On Jul 21, 2011, at 12:45 PM, Ivan Voras wrote:

> I'm writing this mostly for future reference / archiving and also if someone has an idea on how to improve the situation.
> 
> A web server I maintain was hit by DoS, which has caused more than 4 million PHP session files to be created. The session files are sharded in 32 directories in a single level - which is normally more than enough for this web server as the number of users is only a couple of thousand. With the DoS, the number of files per shard directory rose to about 130,000.
> 
> The problem is: ZFS has proven horribly inefficient with such large directories. I have other, more loaded servers with simlarly bad / large directories on UFS where the problem is not nearly as serious as here (probably due to the large dirhash). On this system, any operation which touches even only the parent of these 32 shards (e.g. "ls") takes seconds, and a simple "find | wc -l" on one of the shards takes > 30 minutes (I stopped it after 30 minutes).

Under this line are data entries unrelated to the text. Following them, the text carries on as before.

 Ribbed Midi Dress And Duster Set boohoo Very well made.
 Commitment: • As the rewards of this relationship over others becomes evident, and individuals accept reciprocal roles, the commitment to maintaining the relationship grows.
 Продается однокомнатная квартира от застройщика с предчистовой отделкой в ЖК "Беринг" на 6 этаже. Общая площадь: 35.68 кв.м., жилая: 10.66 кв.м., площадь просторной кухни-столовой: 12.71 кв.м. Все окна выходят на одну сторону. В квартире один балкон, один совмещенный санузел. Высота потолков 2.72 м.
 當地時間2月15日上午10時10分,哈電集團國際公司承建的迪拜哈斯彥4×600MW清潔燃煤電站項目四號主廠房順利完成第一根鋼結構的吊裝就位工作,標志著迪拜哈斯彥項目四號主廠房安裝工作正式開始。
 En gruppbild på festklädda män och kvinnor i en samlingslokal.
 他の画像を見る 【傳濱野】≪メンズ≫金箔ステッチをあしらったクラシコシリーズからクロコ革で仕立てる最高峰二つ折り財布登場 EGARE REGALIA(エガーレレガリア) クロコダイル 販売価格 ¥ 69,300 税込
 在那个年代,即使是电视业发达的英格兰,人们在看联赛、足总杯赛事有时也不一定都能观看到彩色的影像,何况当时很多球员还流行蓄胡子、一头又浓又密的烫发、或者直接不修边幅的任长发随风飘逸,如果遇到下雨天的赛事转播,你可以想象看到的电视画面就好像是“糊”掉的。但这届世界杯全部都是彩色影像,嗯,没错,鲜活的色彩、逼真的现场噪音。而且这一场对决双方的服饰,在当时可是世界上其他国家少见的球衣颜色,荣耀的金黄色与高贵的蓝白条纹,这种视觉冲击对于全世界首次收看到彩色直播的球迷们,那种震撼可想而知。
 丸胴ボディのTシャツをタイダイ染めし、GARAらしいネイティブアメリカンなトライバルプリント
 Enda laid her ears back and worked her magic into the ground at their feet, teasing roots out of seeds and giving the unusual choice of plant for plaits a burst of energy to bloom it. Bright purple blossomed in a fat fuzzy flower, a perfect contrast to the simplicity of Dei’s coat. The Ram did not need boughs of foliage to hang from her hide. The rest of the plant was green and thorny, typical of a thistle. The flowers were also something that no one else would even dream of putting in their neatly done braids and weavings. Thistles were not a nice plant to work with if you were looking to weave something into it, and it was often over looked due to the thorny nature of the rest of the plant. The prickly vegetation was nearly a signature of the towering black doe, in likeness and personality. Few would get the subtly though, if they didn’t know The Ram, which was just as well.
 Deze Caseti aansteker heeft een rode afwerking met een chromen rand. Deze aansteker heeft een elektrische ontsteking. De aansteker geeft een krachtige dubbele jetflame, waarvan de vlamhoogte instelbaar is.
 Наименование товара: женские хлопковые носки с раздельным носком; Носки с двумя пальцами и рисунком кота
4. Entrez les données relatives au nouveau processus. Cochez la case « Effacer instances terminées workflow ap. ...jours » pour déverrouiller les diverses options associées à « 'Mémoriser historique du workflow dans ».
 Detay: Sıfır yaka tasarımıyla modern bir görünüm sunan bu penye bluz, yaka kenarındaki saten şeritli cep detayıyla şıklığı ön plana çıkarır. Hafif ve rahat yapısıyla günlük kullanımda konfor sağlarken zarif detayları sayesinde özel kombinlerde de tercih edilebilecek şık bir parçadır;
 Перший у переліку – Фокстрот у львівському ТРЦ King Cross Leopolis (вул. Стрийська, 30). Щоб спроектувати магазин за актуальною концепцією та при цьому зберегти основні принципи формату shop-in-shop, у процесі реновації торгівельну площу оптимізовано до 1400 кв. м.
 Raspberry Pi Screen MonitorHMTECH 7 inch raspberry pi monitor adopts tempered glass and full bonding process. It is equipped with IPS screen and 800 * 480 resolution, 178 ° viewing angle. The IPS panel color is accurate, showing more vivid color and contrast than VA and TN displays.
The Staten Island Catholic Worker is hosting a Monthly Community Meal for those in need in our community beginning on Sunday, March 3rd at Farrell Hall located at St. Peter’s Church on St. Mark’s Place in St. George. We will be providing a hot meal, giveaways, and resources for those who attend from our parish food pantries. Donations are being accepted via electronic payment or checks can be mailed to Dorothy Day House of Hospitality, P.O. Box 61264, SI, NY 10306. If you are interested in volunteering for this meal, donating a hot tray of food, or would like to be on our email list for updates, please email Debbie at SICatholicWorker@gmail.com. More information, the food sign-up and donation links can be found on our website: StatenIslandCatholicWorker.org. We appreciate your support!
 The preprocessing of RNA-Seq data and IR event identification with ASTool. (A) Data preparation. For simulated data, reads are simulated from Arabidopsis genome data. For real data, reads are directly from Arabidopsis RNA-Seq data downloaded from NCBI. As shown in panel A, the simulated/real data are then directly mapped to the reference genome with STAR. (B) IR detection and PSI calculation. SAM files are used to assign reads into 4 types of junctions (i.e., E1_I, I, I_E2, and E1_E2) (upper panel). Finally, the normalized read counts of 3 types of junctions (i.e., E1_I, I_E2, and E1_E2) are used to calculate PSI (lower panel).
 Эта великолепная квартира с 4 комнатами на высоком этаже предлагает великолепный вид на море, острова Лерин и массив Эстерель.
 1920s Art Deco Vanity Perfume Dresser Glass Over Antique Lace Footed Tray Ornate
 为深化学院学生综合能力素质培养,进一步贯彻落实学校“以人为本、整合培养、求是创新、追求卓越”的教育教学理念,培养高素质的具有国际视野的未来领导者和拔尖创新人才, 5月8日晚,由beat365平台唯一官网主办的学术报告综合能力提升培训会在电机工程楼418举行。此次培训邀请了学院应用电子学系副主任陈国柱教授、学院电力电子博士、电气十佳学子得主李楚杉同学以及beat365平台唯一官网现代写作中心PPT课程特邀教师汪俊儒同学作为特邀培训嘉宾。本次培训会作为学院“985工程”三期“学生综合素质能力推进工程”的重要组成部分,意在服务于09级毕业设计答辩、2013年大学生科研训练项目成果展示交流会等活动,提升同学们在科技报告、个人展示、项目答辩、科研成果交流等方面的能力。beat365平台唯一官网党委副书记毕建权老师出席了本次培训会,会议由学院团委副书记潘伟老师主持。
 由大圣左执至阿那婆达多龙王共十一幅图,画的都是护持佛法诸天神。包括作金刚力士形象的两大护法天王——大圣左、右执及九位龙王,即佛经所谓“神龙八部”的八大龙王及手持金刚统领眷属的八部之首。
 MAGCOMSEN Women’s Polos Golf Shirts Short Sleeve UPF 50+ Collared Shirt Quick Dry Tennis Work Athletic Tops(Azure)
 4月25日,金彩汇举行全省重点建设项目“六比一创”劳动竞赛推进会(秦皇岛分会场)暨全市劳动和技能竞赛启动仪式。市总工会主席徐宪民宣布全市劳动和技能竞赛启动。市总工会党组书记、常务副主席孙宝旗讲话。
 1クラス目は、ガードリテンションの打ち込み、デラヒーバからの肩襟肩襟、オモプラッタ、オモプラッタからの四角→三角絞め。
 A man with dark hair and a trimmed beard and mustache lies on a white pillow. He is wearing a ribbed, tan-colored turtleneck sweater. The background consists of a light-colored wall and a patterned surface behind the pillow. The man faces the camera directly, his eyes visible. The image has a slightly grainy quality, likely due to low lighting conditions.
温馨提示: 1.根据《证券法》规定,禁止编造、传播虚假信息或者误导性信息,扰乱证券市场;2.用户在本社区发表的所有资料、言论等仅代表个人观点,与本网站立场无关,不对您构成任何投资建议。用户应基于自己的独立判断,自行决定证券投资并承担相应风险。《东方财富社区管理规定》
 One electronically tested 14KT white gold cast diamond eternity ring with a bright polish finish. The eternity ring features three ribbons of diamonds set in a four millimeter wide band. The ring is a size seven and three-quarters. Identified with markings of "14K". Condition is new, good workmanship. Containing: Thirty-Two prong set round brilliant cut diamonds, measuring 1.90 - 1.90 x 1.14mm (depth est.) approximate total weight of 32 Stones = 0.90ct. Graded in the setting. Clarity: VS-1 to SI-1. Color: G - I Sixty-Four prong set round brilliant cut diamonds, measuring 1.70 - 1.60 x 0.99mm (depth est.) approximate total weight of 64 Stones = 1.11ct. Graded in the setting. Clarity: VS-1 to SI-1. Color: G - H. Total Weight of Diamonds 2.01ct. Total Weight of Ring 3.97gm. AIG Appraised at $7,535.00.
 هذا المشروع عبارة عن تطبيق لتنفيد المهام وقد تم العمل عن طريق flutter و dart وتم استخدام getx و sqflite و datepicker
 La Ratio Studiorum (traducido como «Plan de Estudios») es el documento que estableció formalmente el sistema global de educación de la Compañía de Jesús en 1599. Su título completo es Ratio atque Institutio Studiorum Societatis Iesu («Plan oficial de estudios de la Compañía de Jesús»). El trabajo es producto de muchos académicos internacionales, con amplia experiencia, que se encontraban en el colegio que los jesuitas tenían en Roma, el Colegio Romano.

Another symptom is that SIGINT-ing such find process takes 10-15 seconds to complete (sic! this likely means the kernel operation cannot be interrupted for so long).
> 
> This wouldn't be a problem by itself, but operations on such directories eat IOPS - clearly visible with the "find" test case, making the rest of the services on the server fall as collateral damage. Apparently there is a huge amount of seeking being done, even though I would think that for read operations all the data would be cached - and somehow the seeking from this operation takes priority / livelocks other operations on the same ZFS pool.
> 
> This is on a fresh 8-STABLE AMD64, pool version 28 and zfs version 5.
> 
> Is there an equivalent of UFS dirhash memory setting for ZFS? (i.e. the size of the metadata cache)

Hello Ivan,

I've some kind of similar problems on a client that needs to store a large amount of files.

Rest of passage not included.